組織づくりに非常にこだわっていらっしゃる株式会社ITプロパートナーズの木村社長をご紹介。

「性善説」をベースとしながら、圧倒的な当事者意識を持つ集団であるための文化づくり・育成に関する、ITプロパートナーズさん独自の仕組みについてお話いただきました。

未経験者も成果を出す。独自の育成方法

JAMITプロパートナーズさんは、プロフェッショナル人材の業務委託支援や教育事業など様々な事業をされていますが、組織づくりにおいてはどんなことを大切にされていますか?


木村氏
今5つほど事業を行っていますが、全て自立した人材を増やすために行なっています。

ビジョンとして「自立した人材を増やし、新しい仕事文化をつくる」ということを掲げていますし、社内の人材も継続して成長して、自立した人材になっていくことをとても大切にしています。

「ITプロパートナーズで働くことできちんと成長できて、自立に向かうことが出来る」ということにこだわりたいと思っています。

この会社であれば、自分の意思で自分の道を決めてそれを正解にできる。マインドとスキルというか、力がここならちゃんとつくんだという会社にしていきたい。


JAM
「自立」がテーマなのですね。どんな経験からそう思われるようになったのですか?


木村氏
株式会社アトラエ(求人メディアや組織改善プラットフォームの企画・運営を行う企業。2019年版「働きがいのある会社」ランキング 小規模部門第1位)で働いた経験が大きいですね。

創業間もない頃に入社したので、働き方がハードだったり、会社が厳しいときも多かったんですが、ものすごく楽しかったし自分が伸びている実感がありました。

その20代での、自分の意思で決めたものを正解にできるという実感が、今の自分を支えてくれています。

世の中では、ワークライフバランスと言われていますが、その前に力をつけて自立して、自分で生きる道を決めて、その選択を正解にできる。それが、その人の幸せにつながると本気で思っていて、それを事業でも組織づくりでもおこなっています。

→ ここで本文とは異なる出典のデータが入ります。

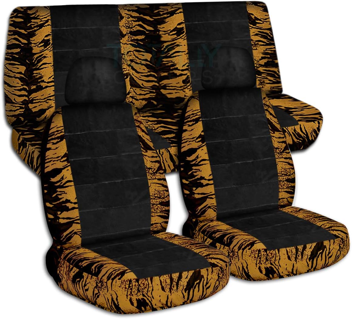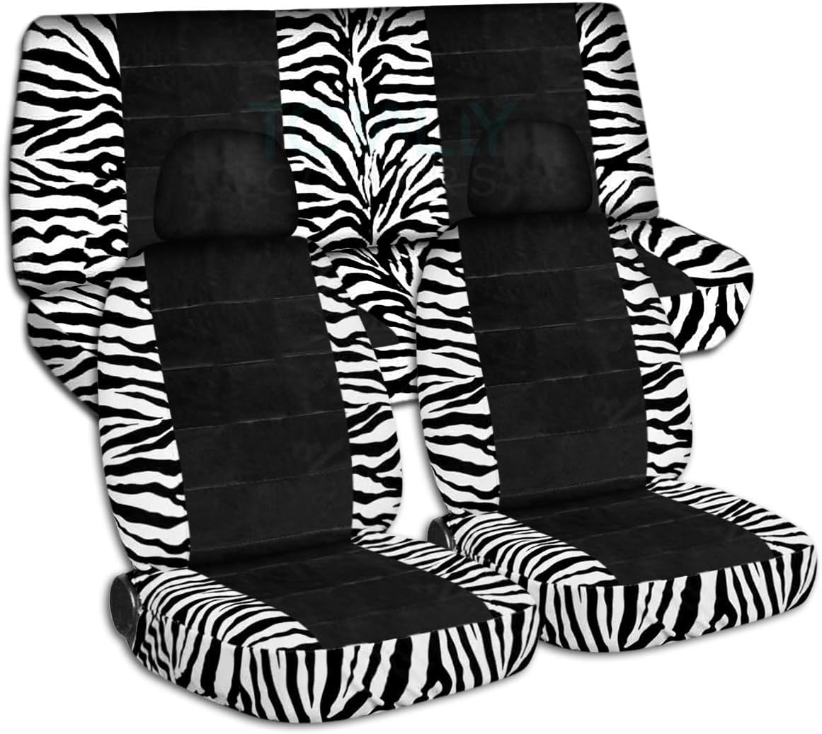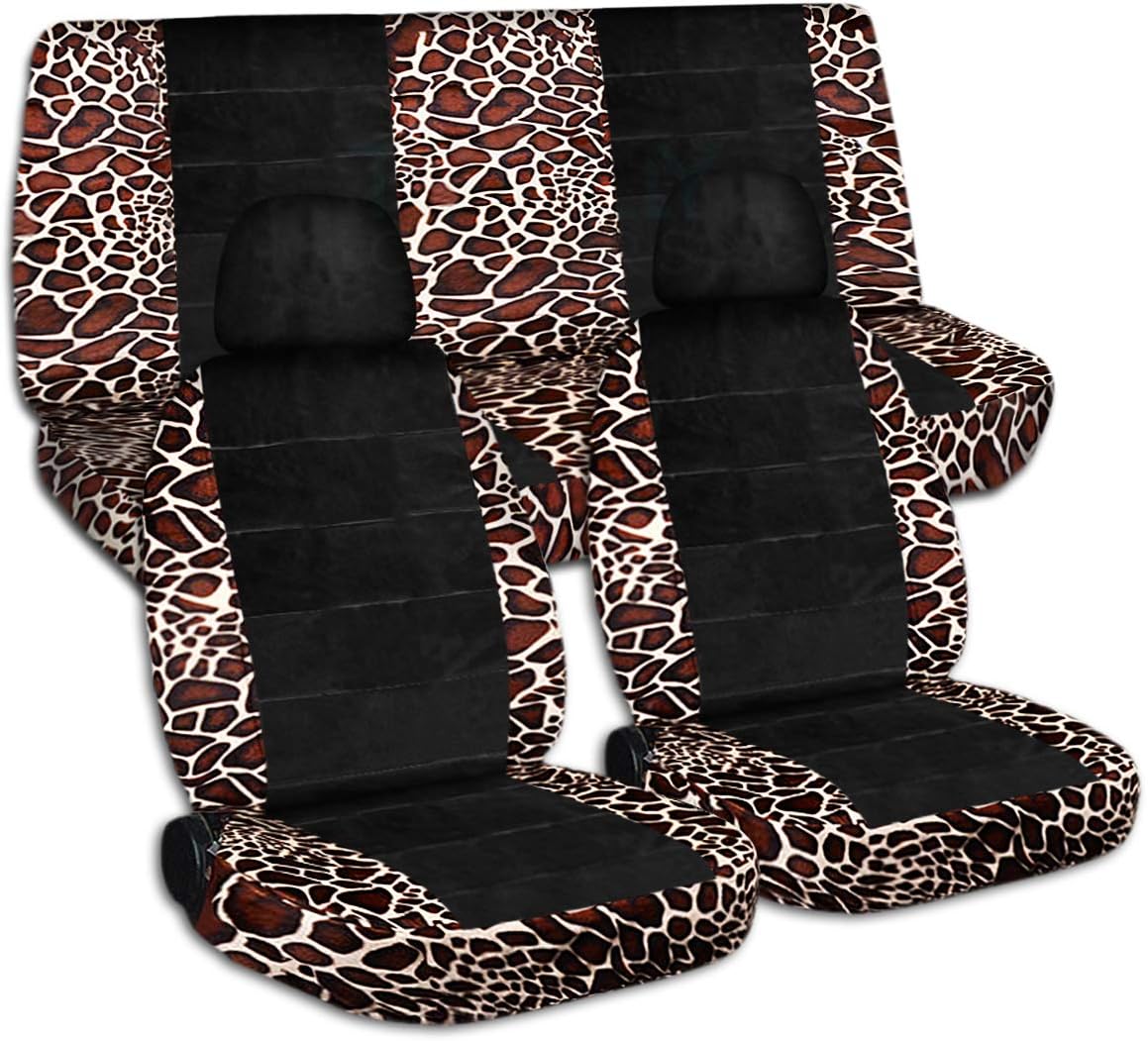 A full set of front and rear, pink-black cow and black car seat covers with 2 front separate headrest covers. Be sure to visit our storefront ("Totally Covers") where you can find the largest selection of seat covers, to satisfy even the most demanding of tastes. If you can't find what you are looking for, please contact us ("Totally Covers") We can make seat covers for ANY car, truck, van, RV or SUV in a variety of 145 colors and prints, and even add your name/text and logo/design on them!

JAMCAN(できること)が増えることで、本当の自立に繋がりますし、本人としても選択肢が広がりますよね。ITプロパートナーズさんでは、その力をつけるためにどんな育成をされていらっしゃるのですか?


木村氏
特徴的なのは、「1人が1つの業務しかやっていない」ということが少ないということです。

1つの職種をやりながら、その他会社として強化した方が良いと思う職種やPJがあればそれを任せています。具体的には営業をしながらカスタマーサポートをしたり、エンジニアをやりながらサービスをグロースさせる為にマーケを担当したりしています。

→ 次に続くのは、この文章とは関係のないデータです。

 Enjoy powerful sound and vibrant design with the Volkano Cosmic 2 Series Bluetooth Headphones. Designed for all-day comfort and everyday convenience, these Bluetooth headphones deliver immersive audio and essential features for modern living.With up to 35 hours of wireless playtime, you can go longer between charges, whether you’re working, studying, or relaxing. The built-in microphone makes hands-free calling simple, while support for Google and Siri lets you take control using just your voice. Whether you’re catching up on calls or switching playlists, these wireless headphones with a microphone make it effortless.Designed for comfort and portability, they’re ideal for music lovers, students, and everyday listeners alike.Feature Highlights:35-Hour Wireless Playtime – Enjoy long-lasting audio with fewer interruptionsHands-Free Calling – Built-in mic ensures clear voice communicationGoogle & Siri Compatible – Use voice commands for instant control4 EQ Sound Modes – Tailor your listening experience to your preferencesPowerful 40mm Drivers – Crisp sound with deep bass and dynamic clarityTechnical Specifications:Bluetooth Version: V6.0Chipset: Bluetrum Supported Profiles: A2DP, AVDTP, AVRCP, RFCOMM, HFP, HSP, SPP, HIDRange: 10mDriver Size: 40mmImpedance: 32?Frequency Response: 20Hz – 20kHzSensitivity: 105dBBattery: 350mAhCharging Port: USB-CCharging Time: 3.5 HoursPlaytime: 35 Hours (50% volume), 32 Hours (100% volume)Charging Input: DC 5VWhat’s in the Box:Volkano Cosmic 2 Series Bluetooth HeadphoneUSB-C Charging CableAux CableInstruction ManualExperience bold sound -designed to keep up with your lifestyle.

会社にとっては1つのことだけ担当する方が効率は良いですし、教育コストもかからないですが、自分の意志で能動的に仕事をする方が人材が伸びて、結果として会社も勝っていけると考えているので、並行して様々なことに未経験からでもチャレンジできるようにしています。

もちろん時と場合によるので全てではないのですが、実際に多くのメンバーが色々な職種を兼務しています。


JAM
ベンチャーで人手が少ないから結果的に兼務になっているということはよくありますが、意識的に兼務にして育成しているというのは珍しいですね。でも、未経験者をどうやって育成しているのですか?


木村氏
自己学習で前に進めてもらうケースもありますが、高い専門性が必要な場合はプロフェッショナル人材をつけるケースもあります。

例えば、今人事の責任者をやっている者は、営業リーダーをやりながらやっていて、彼は将来的にCHOになりたいという明確な目標があります。

そのために、外部から僕が信頼する人事の方と業務委託で契約して、週に1回か2回、その人事責任者とミーティングをして、知識やノウハウを教えて頂いたり、目標設定をしながら仕事を進めるという環境を作っています。


JAM
非常に新しい方法ですね。


木村氏
そうですね。他には内定者にプロフェッショナル人材をつけて、インターンのうちから経験させていったケースもあります。広報や新規事業の立ち上げの際も同様に対応しました。


JAM
内定者も、とは手厚いサポートですね。

木村氏ちなみに、このサポートは未経験だけではなくて、経験者にも、もっと経験のある人をつけて一緒に仕事をしてもらうこともあります。

プロフェッショナル人材が弊社に2万人登録されているという強みを生かして、社員の成長に繋げられているというのは、すごく大きな武器ではないかと思います。


JAM
経験者にとっても、転職しなくても刺激的な方と働くことができるというのはとても魅力的ですね。でも会社としては、育てるよりも、プロフェッショナル人材を採用したいと考えると思うのですが、そのあたりはどのようにお考えですか?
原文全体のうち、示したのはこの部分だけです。